• By The Financial District

DOC WHO DISCOVERED EBOLA WARNS OF DEADLY ‘DISEASE X’ AFTER COVID

Humanity faces an unknown number of new and potentially fatal viruses emerging from Africa's tropical rainforests, according to Professor Jean-Jacques Muyembe Tamfum, who helped discover the Ebola virus in 1976 and has been on the frontline of the hunt for new pathogens ever since, Sam Kiley, Ingrid Formanek and Ivana Kottasova reported for CNN.

"We are now in a world where new pathogens will come out," he told CNN. "And that's what constitutes a threat for humanity."


As a young researcher, Muyembe took the first blood samples from the victims of a mysterious disease that caused hemorrhages and killed about 88% of patients and 80% of the staff who were working at the Yambuku Mission Hospital when the disease was first discovered.

The World Health Organization (WHO) has warned that “Disease X,” or the unexpected, may just be around the corner as people continue to feast on bushmeat and wildlife are forced to descend on urban areas as their habitats are invaded, forests are levelled and viruses jump from animals to man.


The vials of blood were sent to Belgium and the US, where scientists found a worm-shaped virus.

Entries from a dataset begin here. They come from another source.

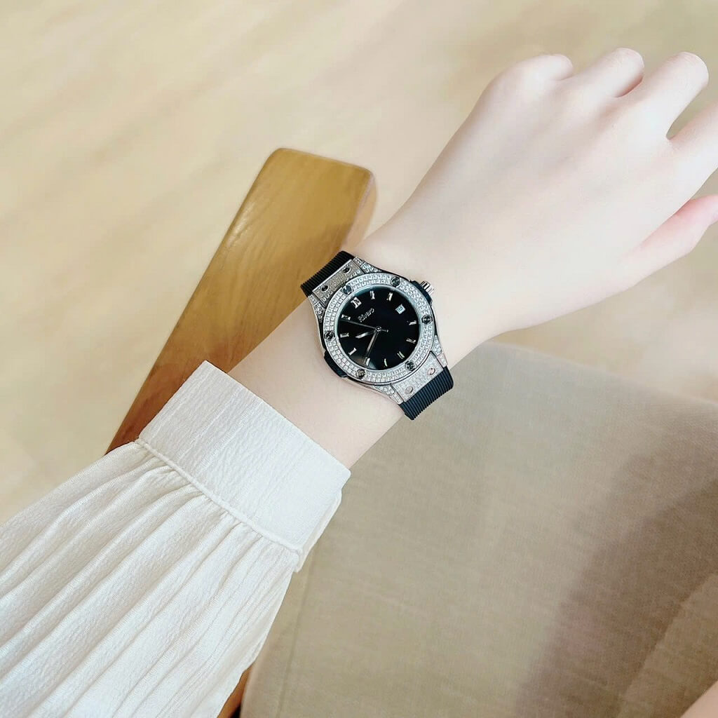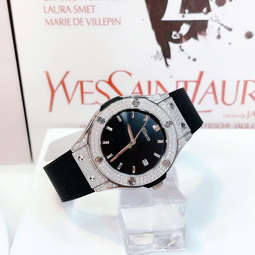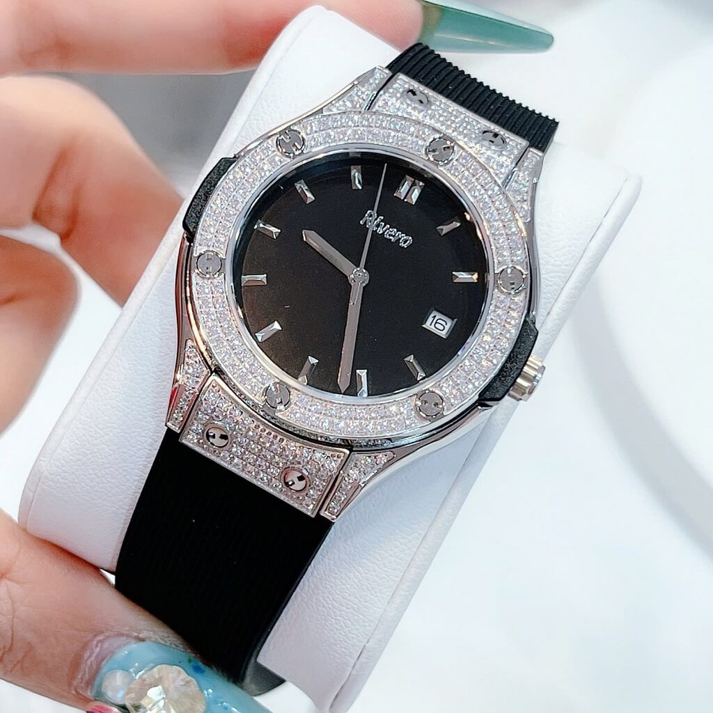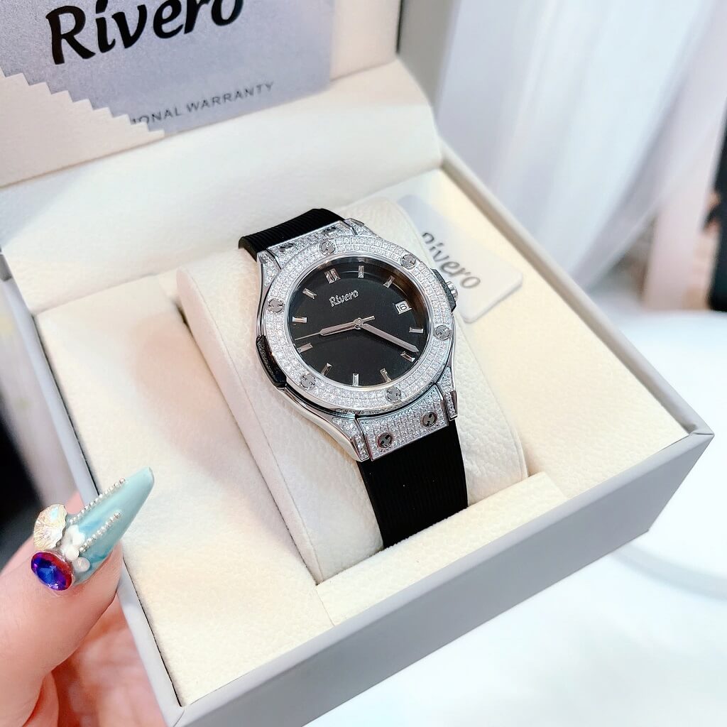 Đồng hồ nữ Rivero R9009 với thiết kế dây cao su đen và vỏ màu bạc (silver) đính đá là một lựa chọn thời trang thanh lịch và hiện đại. Dưới đây là một số thông tin về sản phẩm: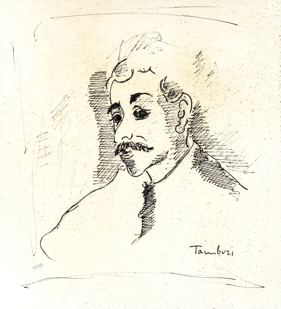 Lot 37 | Orfeo Tamburi AUTORITRATTO China su carta, cm 23x21. Firma "Tamburi" in basso...
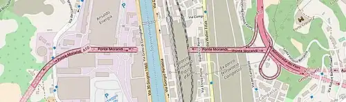L'ouvrage d'art est constitué d'un viaduc principal supportant l'autoroute A10 et d'un échangeur autoroutier entre l'A10 et l'A7 qui relie Milan à Gênes. Il présente une longueur totale de 1 102,5 m[1]. Le nom officiel italien de l'ouvrage principal est viadotto Polcevera[2],[3],[4], mais il est communément appelé « pont Morandi »[3],[4].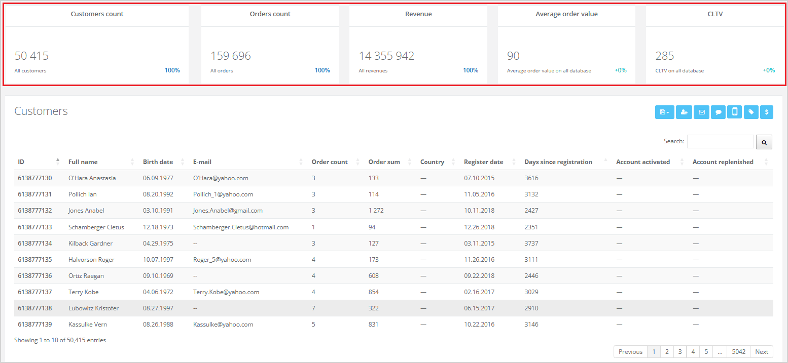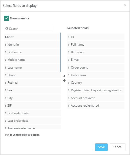 For the customer list, there is also an option called Show metrics. If the checkbox is enabled, metrics will be displayed above the customer list.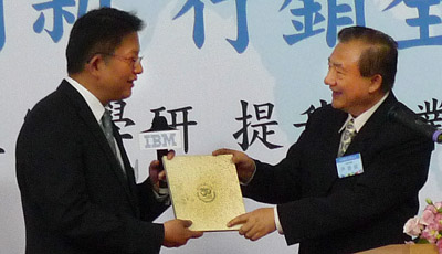 百位代表雲集同賀IBM正式啟用位於南港的全球研發中心。除了行政院長吳敦義親與台灣IBM總經理于弘鼎進行啟動儀式,當年促成IBM進駐南軟的政務委員尹啟銘,也特別將十幾年前IBM的贈書「還」給IBM珍藏,他有感而發:「感謝IBM當年很不聽話,不願意把製造工廠設在台灣,才讓台灣拉大兩岸差距,成為全球研發中心!」 (圖/致宜)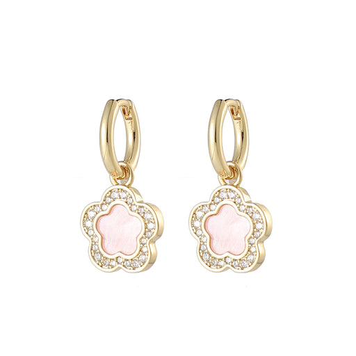 Stay on trend with our gold plated hoop earrings with pink flower hanging pendant and cubic zirconia detailing. Refine your look with ease. 24mm. S...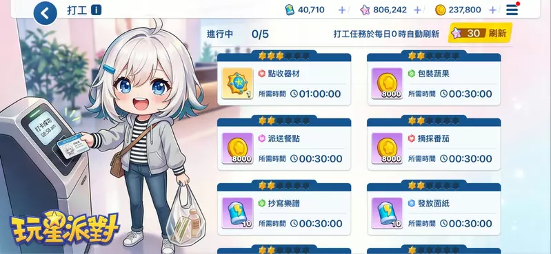 《玩星派對》全新「打工系統」正式登場,開創角色養成之外的全新玩法維度。玩家可自由組合最多4名角色組隊出任務,角色屬性數值越高,獲得額外報酬的成功率就越大,讓每位角色都能發揮最大價值。打工任務每日自動刷新,並設有期間限定的限時任務供玩家把握機會,完成任務必定獲得基本報酬,並有機會額外解鎖豐富好禮,讓玩家的角色隨時都在為你努力!

They called it "Ebola," after the river close to the outbreak in the country that was then known as Zaire.


Speaking exclusively to CNN in the Democratic Republic of Congo’s capital, Kinshasa, Muyembe warned of many more zoonotic diseases -- those that jump from animals to humans -- to come. Yellow fever, various forms of influenza, rabies, brucellosis and Lyme disease are among those that pass from animals to humans, often via a vector such as a rodent or an insect.


They've caused epidemics and pandemics before. HIV emerged from a type of chimpanzee and mutated into a world-wide modern plague.


SARS, MERS and the COVID-19 virus known as SARS-CoV-2 are all coronaviruses that jumped to humans from unknown "reservoirs" -- the term virologists use for virus' natural hosts -- in the animal kingdom.


COVID-19 is thought to have originated in China, possibly in bats. Does Muyembe think future pandemics could be worse than COVID-19, more apocalyptic? "Yes, yes, I think so," he said.